『アオイホノオ』が今熱い。
関西では毎週月曜日に放送しているのだが、ここしばらくは『月曜は夜ふかし』の代わりに、こちらを録画して見ている。
いやあ、こらおもろいですわ。
ふだんあまりテレビドラマを見ない私が、なぜにてそんなに盛り上がっているのかと言えば、もちろんドラマ自体がおもしろいというのもあるけど、それよりもなによりも、大阪芸大を舞台に奮闘する登場人物たちに大いなる共感と郷愁を覚えるから。
そう、なんといっても10代、20代のころは私も庵野さんや赤井さん、そして主人公であるモユル君のごとき、
「『なにかを表現したい願望』がほとばしるボンクラ男子」
であったからなのだ。
私自身、読書や映画が好きで漠然と、
「こういうものを、自分で作れたらいいだろうなあ」
なんて夢想したりする少年であったが、それが具体性を持ったのは高校の部活からであった。

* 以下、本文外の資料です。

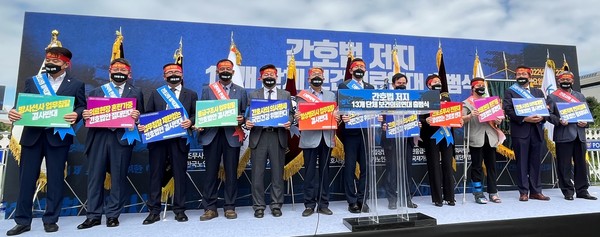 13개 단체 보건복지의료연대가 간호법 저지를 위한 릴레이 1인 시위를 이어가고 있는 가운데, 대한의사협회는 오는 27일(일) 오후 2시, 국회 의사당대로에서 ‘간호법 제정 저지를 위한 13개 보건복지의료연대 십만 총궐기대회’를 개최하기로 했다고 밝혔다.

そこで初めて舞台上でパフォーマンスをし、それがウケたときに、
「世界には、こんな快感があるのか!」
と開眼。庵野さんやモユル君は「アニメ」「マンガ」だったが、私も演劇や落語で舞台に立ったり、自主映画を作ってる友人を手伝ったり、ミニコミを作ったりと、(もちろんドラマの彼らとは比ぶべくもないレベルの話ですが)アクティブに活動していたのだ。
私自身はモユル君のごとく「絶対プロになる!」という熱いタイプではなかったけど、素人とはいえそういうことをして遊んでいると、自然、周囲もそういった自意識過剰な「表現したい君」「したい子ちゃん」が集まってくることになる。

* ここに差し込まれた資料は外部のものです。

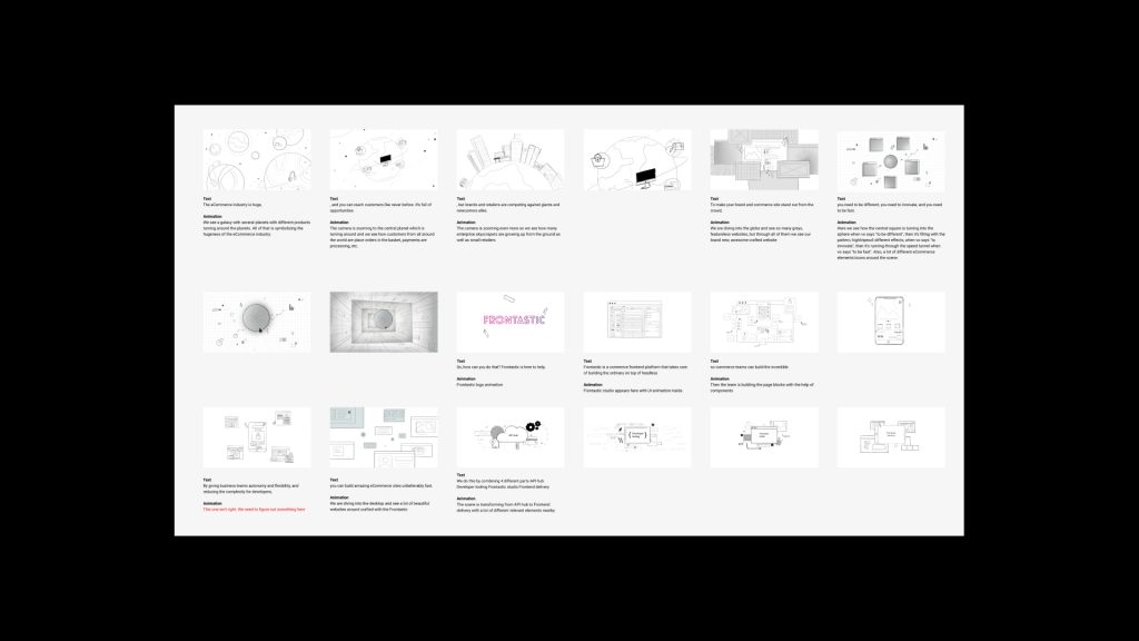 After that, Galera delivered a storyboard where ideas and details were fine-tuned and adjusted, taking feedback and input from the Frontastic team. Snippets of the animation work were sent routinely for feedback so that Frontastic could get the feel and look for the flow of animation as the process was evolving. When the animation was complete, voice-over and music production were added and finalized.

映画監督や某アニメーション学院に通ってる声優にマンガ家、舞台女優にノンフィクション・ライターにミュージシャン、ゲームクリエイター、詰将棋作家などなどが跳梁跋扈。
もちろん、その多くは頭に「自称」かお尻に「の卵」がつくが、プロとして活躍する人もいたし、その流れでジュニア小説家(今で言うライトノベル)、果てはポルノ作家といった、やや風変わりな仕事をしている方のお話を聞く機会もあったりしたものだ。
ともかくも、プロアマ問わず、金にもならず才能があるかどうかもわからないのに養成所に通ったり、シコシコと原稿用紙のマス目を埋めたり、むやみに楽器をかき鳴らしたり、プログラムを組んだりといったヤカラがあとを絶たなかったのである。

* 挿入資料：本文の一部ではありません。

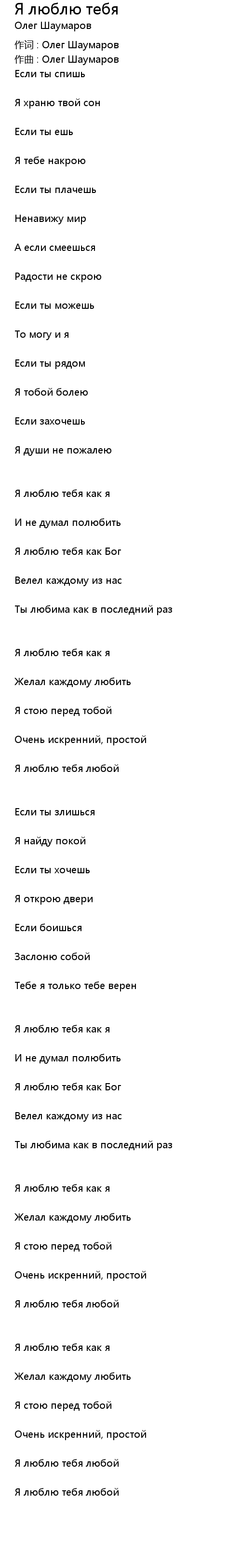 | 作词 : Олег Шаумаров | |

彼ら彼女らは、おそらくどこかで15歳の時の私のような、
「嗚呼、こんな快感が世界にはあるのか!」
という爆発があったり、映画やマンガなどを観て「こんなすごいものをオレもつくってみたい!」という感激があったり、
「オレには人と違う才能がある。そこいらの平凡な連中とは違うのだ」
という自意識があったり、その他とにかく世に出たいとか単に一発当てたい子などなど様々であろうが、そこにあるのはとにかく、
「今、自分の中にある、このモヤモヤしたなにかを、形あるモノにして発表したい!」
というマグマのような衝動。それにとらわれた、因果な連中といえるわけなのだ。
なんといっても私は、世の中に「表現活動をしようと思わなくても人生が充実している人」が存在するというか、むしろそっちの方が社会的には多数派であることに気づいたのは23、4歳くらいになってからだったくらいだ。
なんという偏った人脈、と人生大反省だが、まっとうな社会人的にはまさに「ご愁傷様」としかいいようがない人種。
そういったある種「取り憑かれた」人とつきあって、自分もその中で遊んでいたため、こういう「文化系」の若者の物語に私はどうにも弱いのである。
だから、ドラマの中の事件やセリフにいちいちビビッドに反応してしまい、
「100%の出来ではないから、オレはあえて課題を出さん!」
とか、
「なぜ自分以上の才能を見せつけられて、お前らは拍手できるんだ。オレはオレのよりもすぐれた作品など見たくはない!」
とか、
「僕は笑いを取ろうとしたんじゃない。感動させようとして、これを作ったんだ!」
とか、もう「わっかるわあ」とか「こんなヤツおったなあ」とか、頭をかかえて「アイタタタタ……」とか、もう泣き笑い。
当時の自分や友人たちを思い出して、ことあるごとに胸を突くんだ、コレが。
このドラマは多くのプロの作家やクリエイターに支持されているらしいが、本職ならずとも、すべての「表現したい君」や「表現したい子ちゃん」皆が、いたたまれない苦笑いに悶絶していることであろう。
文化部所属学生やクリエイター志願の若者は見るべし、見るべし。大槻ケンヂさんの『グミ・チョコレート・パイン』とこれは、「表現したい若者」必読必見の二巨塔であろう。